De 28-jarige Johan S. heeft vandaag in hoger beroep een lagere celstraf opgelegd gekregen. Het gerechtshof in Den Haag legde hem vijf jaar en acht maanden cel op voor het verkrachten van twee vrouwen en aanranding van een derde vrouw in 2006. De man, die de bijnaam 'valiumverkrachter' kreeg, werd in juli 2007 door de rechtbank in Den Haag nog veroordeeld tot tien jaar cel.

In hoger beroep was ook tien jaar cel tegen hem geëist. De man uit Sassenheim werd ervan beschuldigd de verkrachtingen en aanranding te hebben gepleegd door zijn slachtoffers een bedwelmend middel te hebben toegediend.
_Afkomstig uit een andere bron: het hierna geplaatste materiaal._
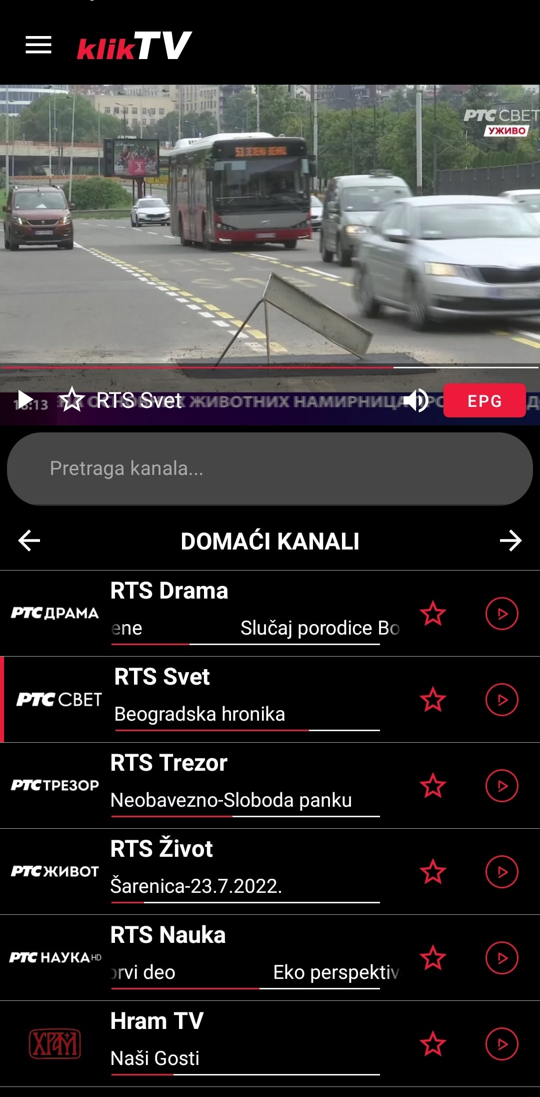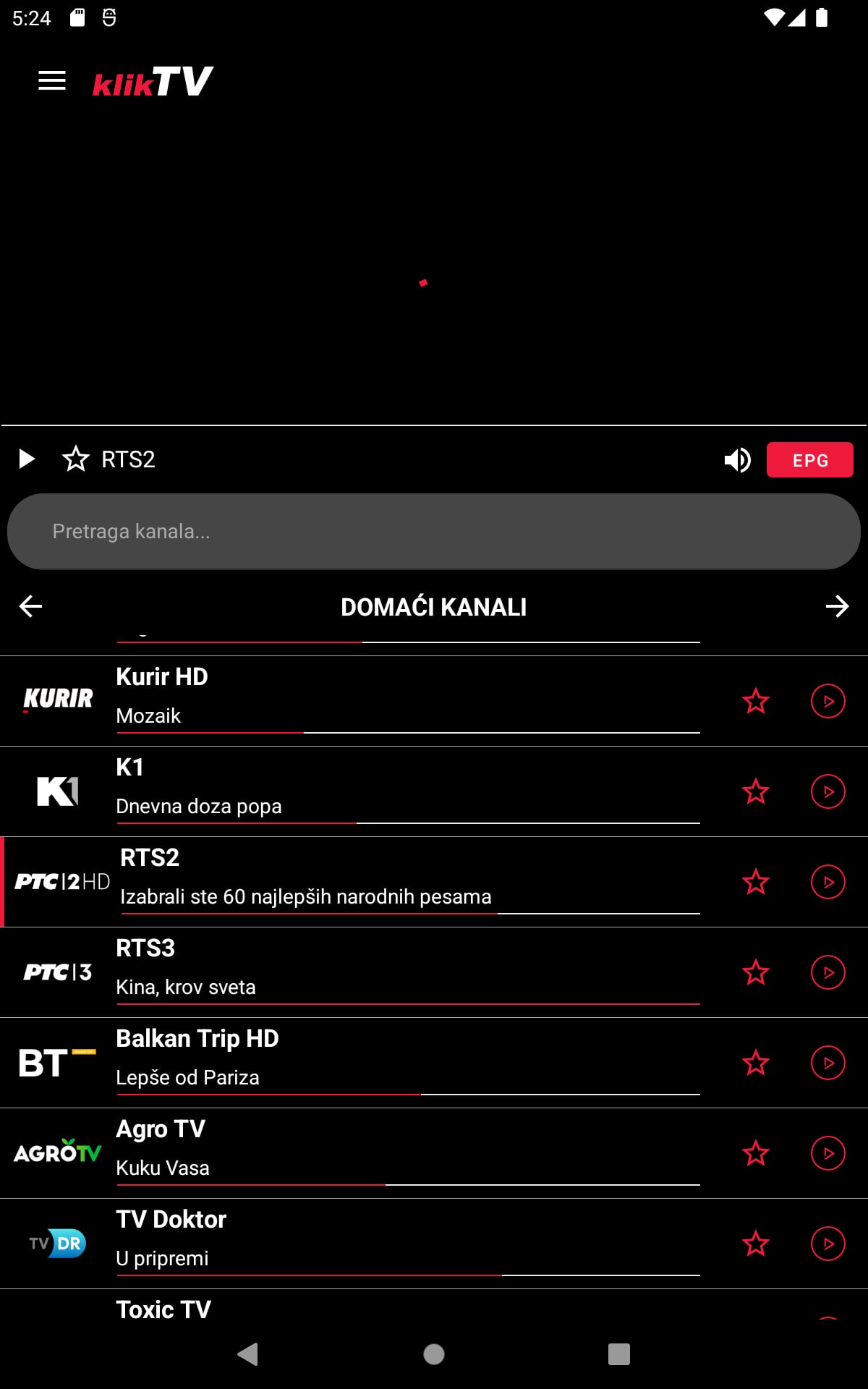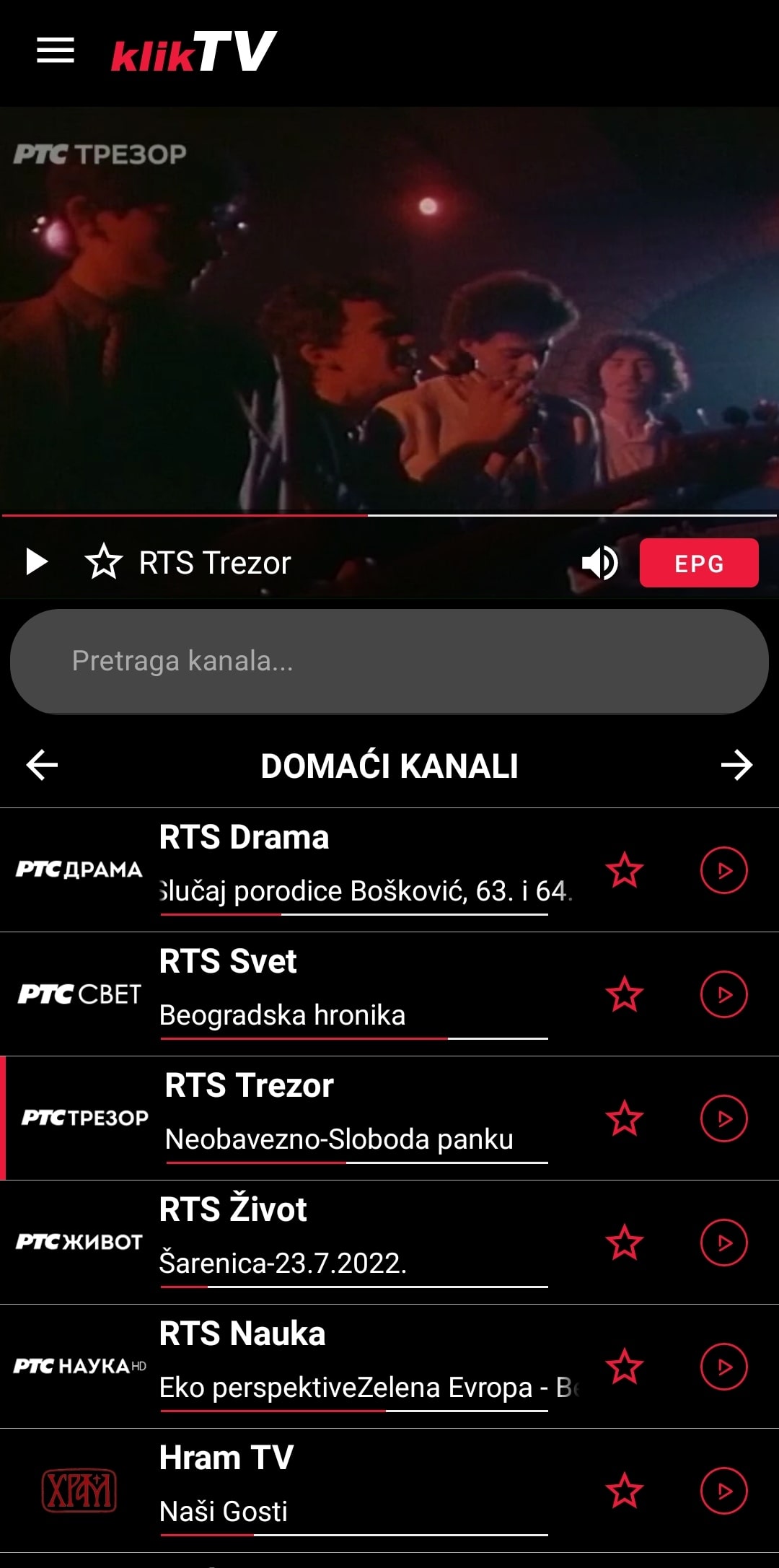 Sehen Sie sich Ihre Lieblingssendungen live über die Klik TV-Anwendung an. Sehen Sie sich Live-Pink-Kanäle, Zadruga-Kanäle sowie die neuesten Hollywood-Blockbuster an! Über 100 in- und ausländische Fernsehsender, die Sie über die KlikTV-Anwendung verfolgen können. Sie können KlikTV überall nutzen, egal ob Sie ein Handy, Tablet oder einen Computer zur Hand haben! Die einfache Bedienung ermöglicht es Ihnen, aufregende und beliebte Unterhaltungssendungen in Echtzeit zu sehen, 24 Stunden am Tag, 7 Tage die Woche. Die große Auswahl an Inhalten, die Klik TV bietet, ist ganz auf die Bedürfnisse der Nutzer abgestimmt und garantiert gute Unterhaltung für die ganze Familie!

Het hof acht in tegenstelling tot de rechtbank en het Openbaar Ministerie dit onderdeel echter niet bewezen en heeft hem op dit punt vrijgesproken.

Ook van de verkrachting van de derde vrouw, die volgens het hof is aangerand, en de verkrachting van een vierde vrouw is hij vrijgesproken. Het OM had hier overigens ook voor gepleit. Verder is de man bij gebrek aan overtuigend bewijs vrijgesproken van zedenmisdrijven die hij bij een vijfde vrouw zou hebben gepleegd, waar het OM ook al om had gevraagd.

S. werd aangehouden in Brazilië, waar hij vanaf eind juni 2006 vijf maanden lang in de gevangenis zat totdat hij werd uitgeleverd aan Nederland. In april 2006 was het OM met een opmerkelijk open opsporingsbericht voor S. gekomen. Daarin werd de naam van de verdachte genoemd en werden foto's van hem getoond. De ernst van het geweld dat bij de verkrachtingen zou zijn gebruikt en de angst voor herhaling speelden daarbij een rol.

In hoger beroep stelde de advocaat van S. onder meer dat het OM niet-ontvankelijk moest worden verklaard in de zaak, omdat de man door toedoen van het OM in Brazilië onder onmenselijke omstandigheden zou hebben vastgezeten in afwachting van zijn uitlevering. Het hof ging niet mee in dit verweer.